Folding cartons frequently get shipped in boxes. And recent weekly U.S. pulp and paper carloads data has been historically weak (more below on this topic), another possible sign of weakness in box demand and a definite sign of weakness in pulp and paper demand more broadly.

FreightWaves has written extensively in recent months about the historic weakness in U.S. box demand, which is among the best leading indicators for the economy. 

Box demand hit record highs during the pandemic, not surprisingly given unprecedented U.S. government stimulus spending coupled with a dramatic shift from spending on services to spending on goods (box demand is tied to goods demand).

However, as Americans’ real average weekly income has consistently fallen for the past two years (the May data came out Tuesday morning, in fact), they’ve spent the money the government handed out to them and are now having to take on record levels of credit card debt (at 25% interest rates no less). Consequently, goods demand has dried up, specifically purchases of big-ticket discretionary items such as furniture, appliances, etc.; that trend was evident in a wide swath of retail earnings reports in Q1.

The rate of box shipment declines accelerated throughout Q1, with March down an eye-opening 11%. The three largest producers reported Q1 declines ranging from 8-13%. 

There’s no real-time data on box volumes as there is on freight volumes.
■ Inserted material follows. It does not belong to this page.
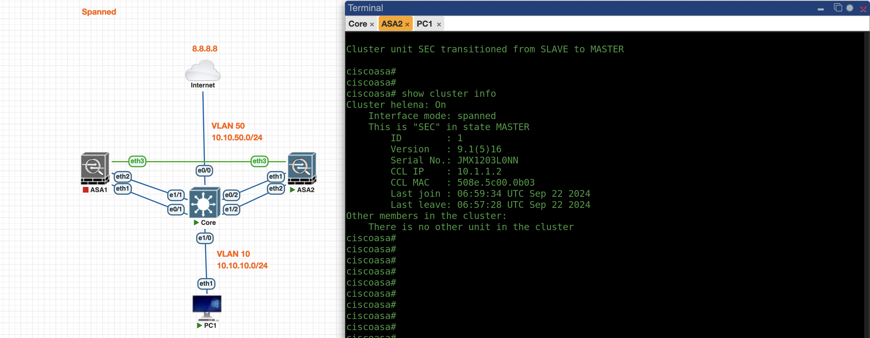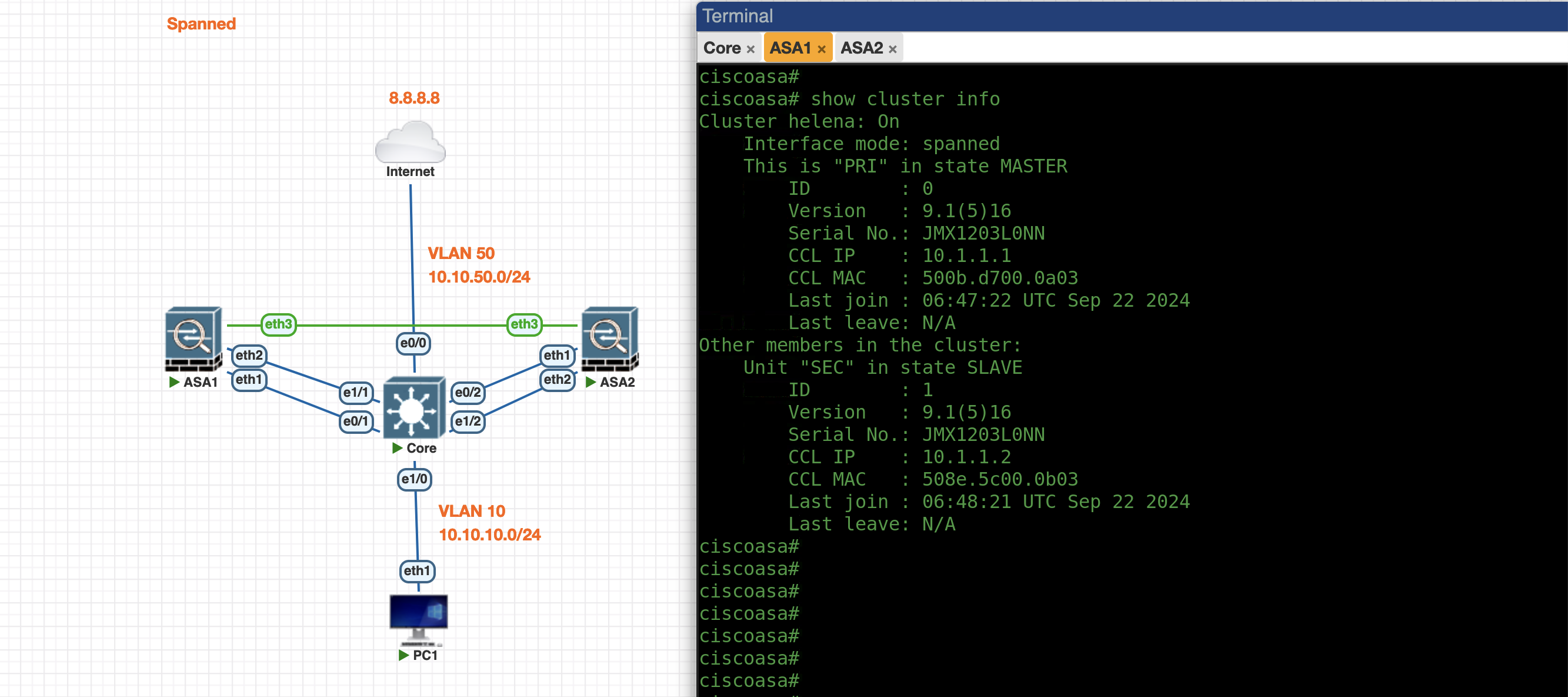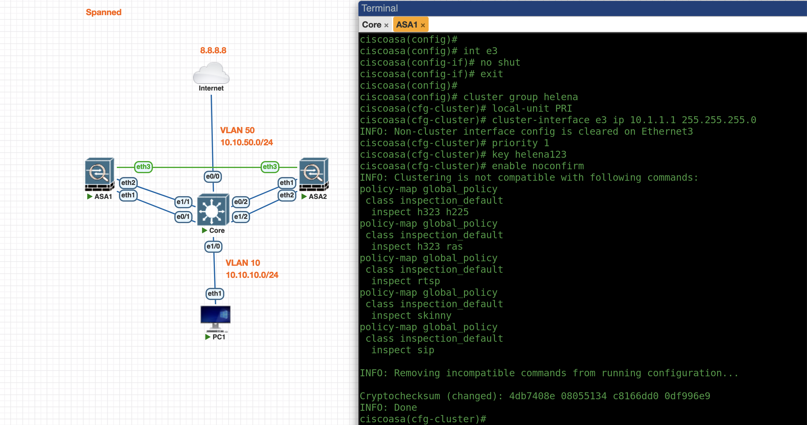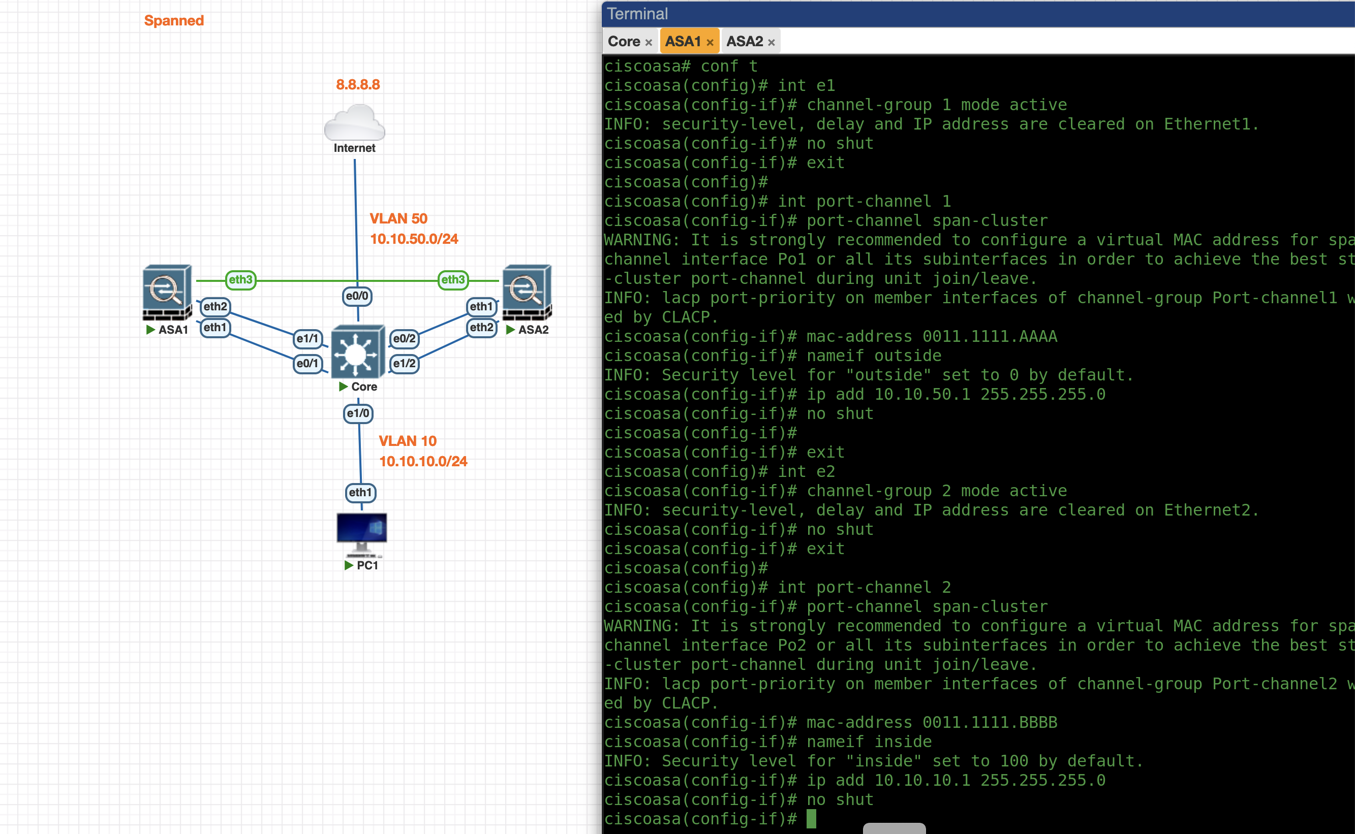 Next we configure the Spanned Cluster on the ASA1 side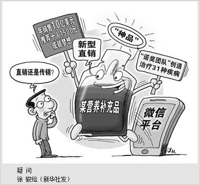 而更为严重的乱象,已经超出了消费领域之外。为了在更大范围内拓展市场,很多微商已逐渐从B2C(商家到消费者)模式发展为C2C模式,即通过品牌商找一级总代理,由一级总代理往下层层发展代理商销售产品。

The closest thing to a real-time box demand indicator available is the weekly Association of American Railroads (AAR) pulp and paper products carloads data. Pulp and paper products is a subset of the Forest Products category that AAR reports that includes packaging/boxes. As shown in the chart below, weekly rail carloads have gotten progressively worse in recent weeks, and year-to-date average carloads are at historically low levels.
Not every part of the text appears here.